We propose a method to monitor the effective reproduction number of infectious diseases with sub-threshold transmission. The method may apply to alert and surveillance systems of diseases emerging and/or re-emerging from natural reservoirs. In this case, monitoring an increase in R0 and/or R may be used to determine the implementation of public-health intervention. The method may also be used to assess the effectiveness of public-health programs designed for disease elimination. In this case, evaluating R before and after implementing intervention may confirm the performance of the public-health program.

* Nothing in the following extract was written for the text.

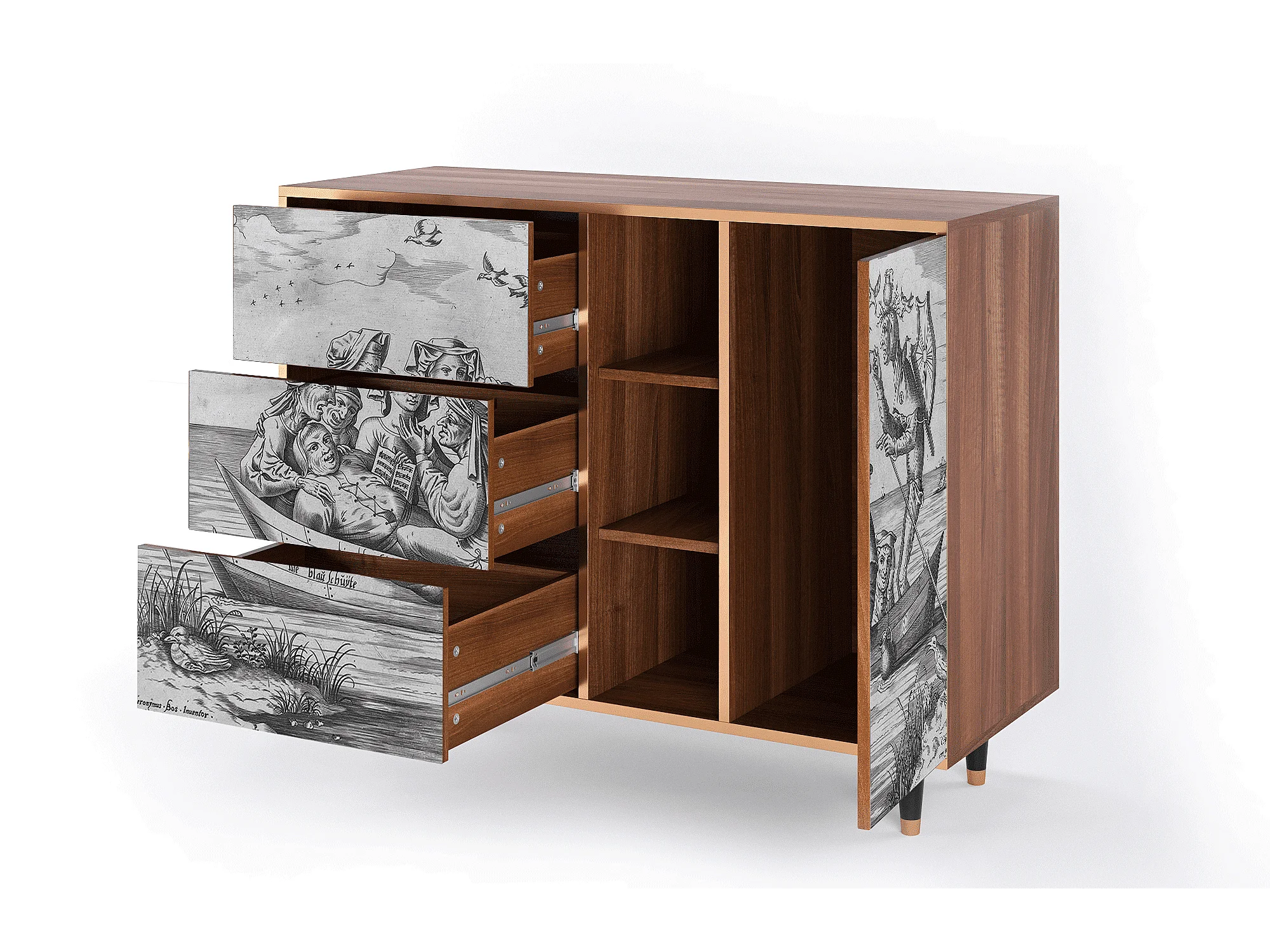 Kredens - 125x98x48 cm - BS2 - Geometric Madness, Orzech

We validated our method using synthetic data, of which we presented a few simulations. We also reanalyzed data previously studied by Jansen et al. [7, 21], concerning the transmission of measles in the UK during 1995–2002. While our R findings are similar, we also extracted the time when rumors on the MMR vaccine started to affect measles vaccination from the epidemiological data. Of note, in a previous publication, Blumberg et al. analyzed the transmissibility of measles in the US (1997–1999) and Canada (1998–2001), estimating two values of R from two distinct datasets. However, further epidemiological assumptions are required for a direct comparison of R resulting from the two analyses.

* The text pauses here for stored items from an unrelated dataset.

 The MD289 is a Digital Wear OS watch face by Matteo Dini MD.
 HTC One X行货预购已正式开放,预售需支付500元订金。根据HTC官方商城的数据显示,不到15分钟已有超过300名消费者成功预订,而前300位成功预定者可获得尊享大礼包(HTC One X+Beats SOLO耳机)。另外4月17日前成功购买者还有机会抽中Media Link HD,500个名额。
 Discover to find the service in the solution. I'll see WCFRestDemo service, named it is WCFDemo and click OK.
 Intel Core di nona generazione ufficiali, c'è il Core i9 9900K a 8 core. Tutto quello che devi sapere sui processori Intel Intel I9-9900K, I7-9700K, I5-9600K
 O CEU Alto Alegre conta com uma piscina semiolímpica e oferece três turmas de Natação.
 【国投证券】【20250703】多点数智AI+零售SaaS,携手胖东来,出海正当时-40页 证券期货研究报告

Our model has several limitations. Epidemiological data are often meant for estimating incidence or prevalence (e.g., [1, 2], pp. 39–65). However, our study requires a particular type of longitudinal data, consisting of outbreak sizes where the outbreaks are ordered according to the date of infection of index patients. In addition, our model implies the appearance of every new index case only after the termination of an outbreak caused by the previous index case (i.e., we assume a sequence of non-overlapping in time transmission trees). These data may result from close surveillance of emerging or re-emerging infections. However, outbreaks may be clustered in time and space and difficult to tell apart. If the number of index patients in each cluster is determined, the model could be amended by using the Borel–Tanner distribution for p(ni,R) in Eq 6.

Our model provides a scheme to monitor R in the regime of subcritical transmission (i.e., R<1); other methods may be used for estimating R in the regime of supercritical transmission. The quality of R estimation in our model depends on the number of outbreaks; see Fig 3c. Therefore the number of changes in R that can be estimated from a dataset depends on the number of outbreaks. We addressed the case of detecting a single change in R by solving a one-dimensional maximization problem for the Bayes factor B(Ta) (c.f., Eq 5). It is no coincidence that (global) maximization problems are divided between one- and multi-dimensional, the first class of problems being significantly easier. However, a number of numerical algorithms are readily available to address maximization in several dimensions. In our case, such algorithms would have to face additional difficulties, inherent to the stochastic nature of the data modeling.

In conclusion, our work proposes a novel method to monitor changes in the effective reproductive number from an epidemiological dataset consisting solely of outbreak sizes.